Day 57c of Walking Out of the World. Over the frontier and down into Spain as the light fades and the mist rises. I arrive for the evening pilgrim Mass in the abbey of Roncesvalles and I am finally free from the vipers of Saint-Martin-du-Canigou.
(Previous post: Day 57b The Vipers of the Pyrenees: Part 2.)
I sat down at Roland’s Spring to drink the wine left from lunch, saved in my water bottle. Then I filled both bottles, even though I was on the downhill stretch to Roncesvalles. A natural water source is one of the free gifts a walking pilgrim finds. Reflecting on the free gifts once received in the past can be a way of laying painful memories to rest. If you only hold in your mind’s eye the bad moments of an experience when confronting demons of the past, it only leads you to run away again. So the negative image gets buried in the subconscious, like the viper you did not want to look at, but is still there in your room where you shut the door and ran away. When you had it in your sight you could have dealt with it. Now the creature is still waiting for you.
Ever since the camping ground in Saint-Jean-Pied-de-Port, talking to the walkers heading east, when I pointed out the abbey of Saint-Martin-du-Canígou on the map, I had opened that door but the viper was not in sight. The window was still open but had it gone out? Could it manage to go up the wall or was it trapped there waiting to be released?
That day, with the tears still staining my cheeks, I walked along the corridor not knowing quite where I was going next, and I heard the soft sound of a dulcimer. Sister Clara. For once she was not sobbing, which is the sound that always came from her room. I had never knocked on her door before. There had never been any reason to: in a religious community you meet up regularly enough through the day, for prayer, for meals, for work. Once in your cell, you expect your individual time – unless there is an emergency or an urgent call – not that we ever received any phone calls. Phone calls were solely for the Bergère, Sister Héloïse, or for Brother Bernard speaking to the Founder in Normandy or the Cardinal Archbishop’s architect in Toledo about the house that our team was preparing to move into.

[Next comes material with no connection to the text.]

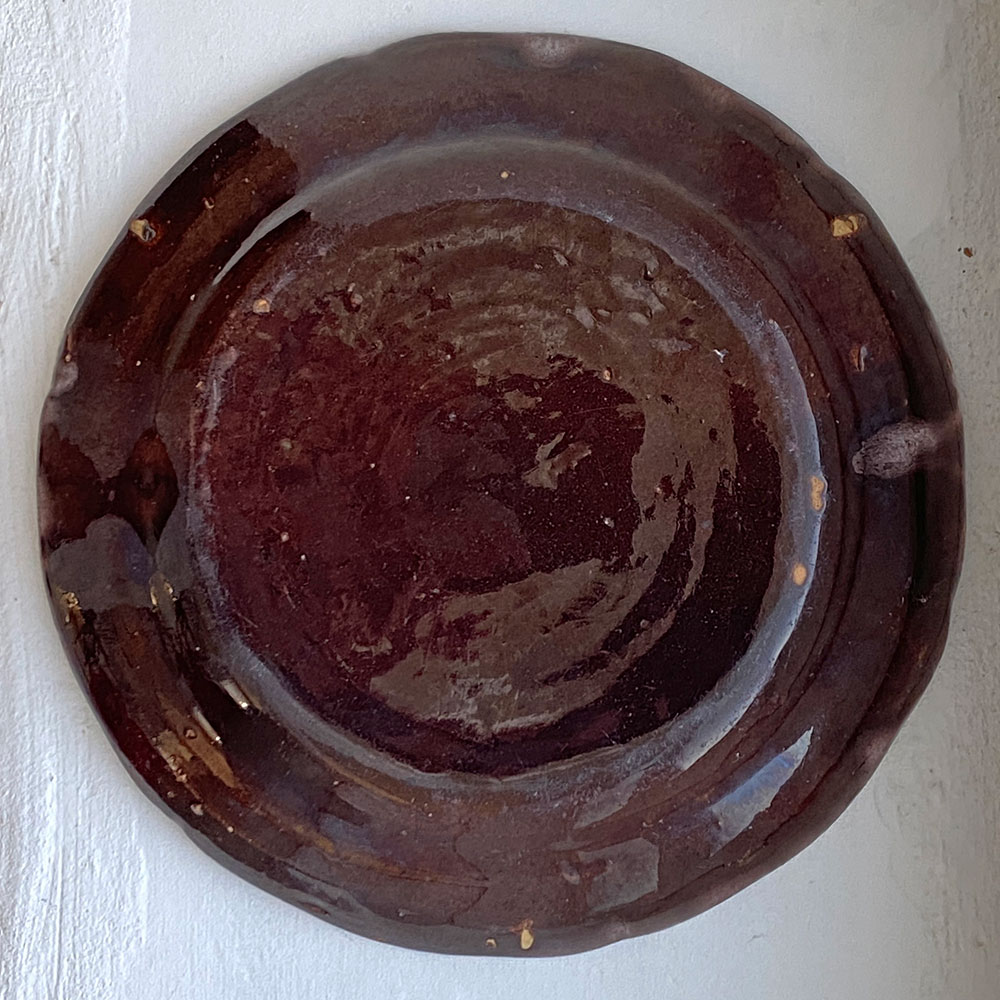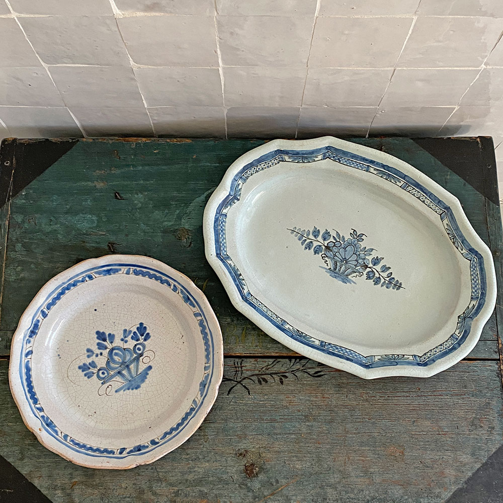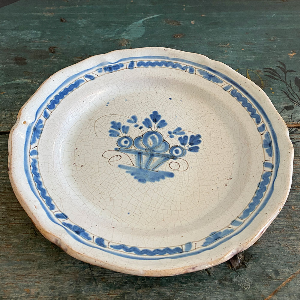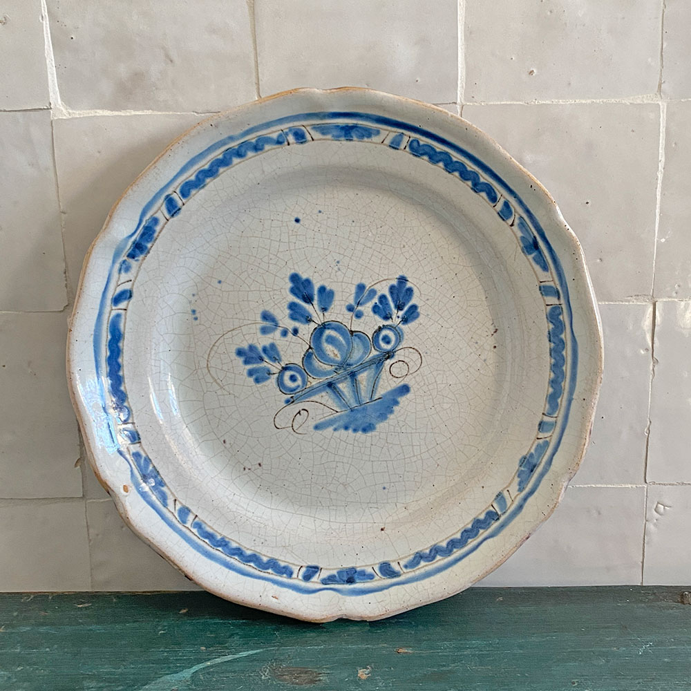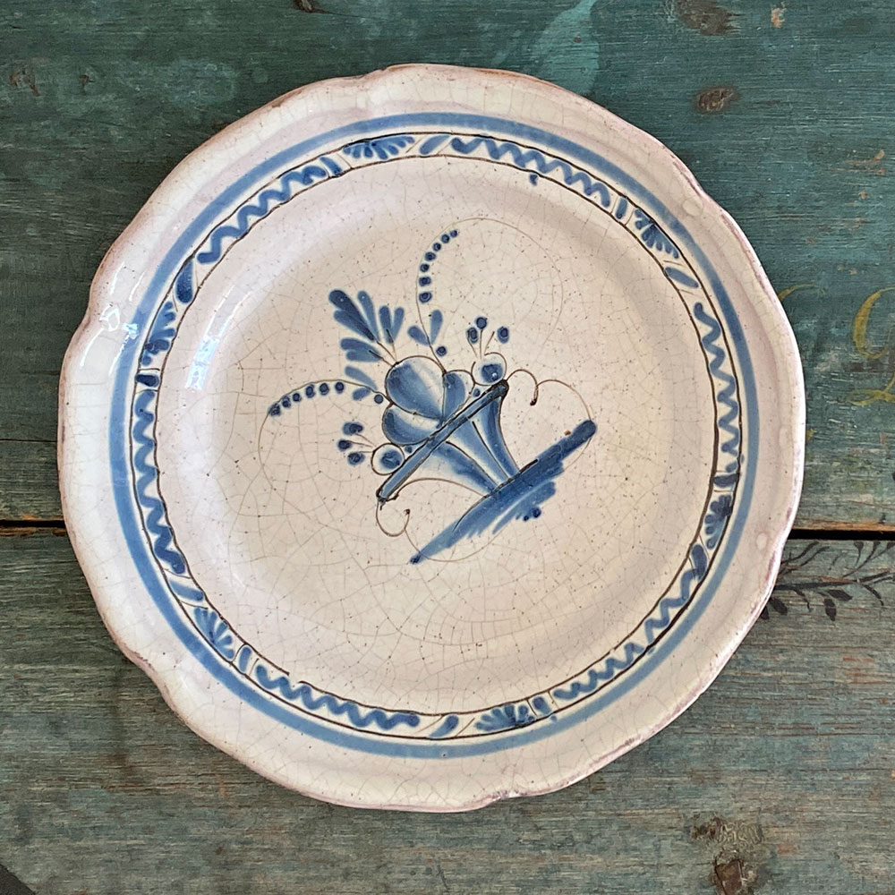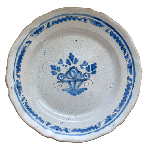 Cette pièce typique des faïences rurales françaises du XIXᵉ siècle évoque les productions de Sinceny ou Ger, connues pour leur émail craquelé et leurs décors bleus d’une grande fraîcheur. Le dessous brun vernissé (“cul noir”) est typique des faïences régionales du XIXᵉ siècle : il s’agit d’une couverte plombifère appliquée pour rendre la pièce imperméable tout en permettant une cuisson à plus basse température.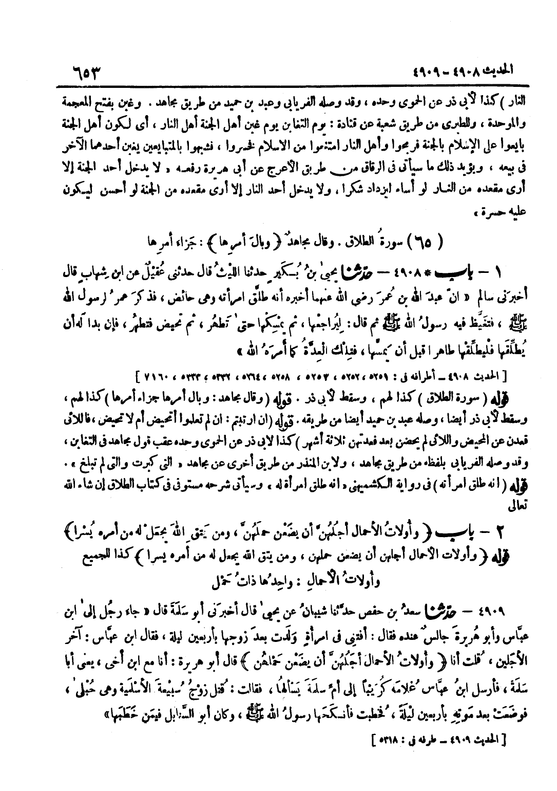 [4908] قَوْلُهُ أَنَّهُ طَلَّقَ امْرَأَتَهُ فِي رِوَايَةِ الْكُشْمِيهَنِيِّ أَنَّهُ طَلَّقَ امْرَأَةً لَهُ وَسَيَأْتِي شَرْحُهُ مُسْتَوْفًى فِي كِتَابِ الطَّلَاقِ إِنْ شَاءَ اللَّهُ تَعَالَى

The dulcimer stopped but the door did not open.
A pilgrim bourdon is made for descending, and now I had reached the Navarra waymarker stone on the Spanish side of the frontier, the long bourdon could reach out two metres in front of my footsteps to slow the descent, like slowing down a punt while approaching the landing stage, then rolling over and swinging it to the front again.
Further down, descending in the thick afternoon mist, like the mists that rose from the valley and completely enfolded the abbey before we went to our evening prayers and the vipers hid themselves under the red roof tiles for the night.
“Who is it?” asked Sister Clara from behind the closed door. It was the top corridor of rooms below the abbey bell tower.
“Sorry. There’s a snake in my room,” I said.
“¿Que serpiente?” Sister Clara opened the door, and she had clearly been crying earlier, as the front of her white habit was wet. Was her dulcimer a way to soothe whatever pain troubled her? “What snake?”
“A viper from the roof,” I said. “You’ve been here longer than me. You were already here when I first came to visit from Barcelona last year. I thought you may know what to do when there’s a snake in the room.”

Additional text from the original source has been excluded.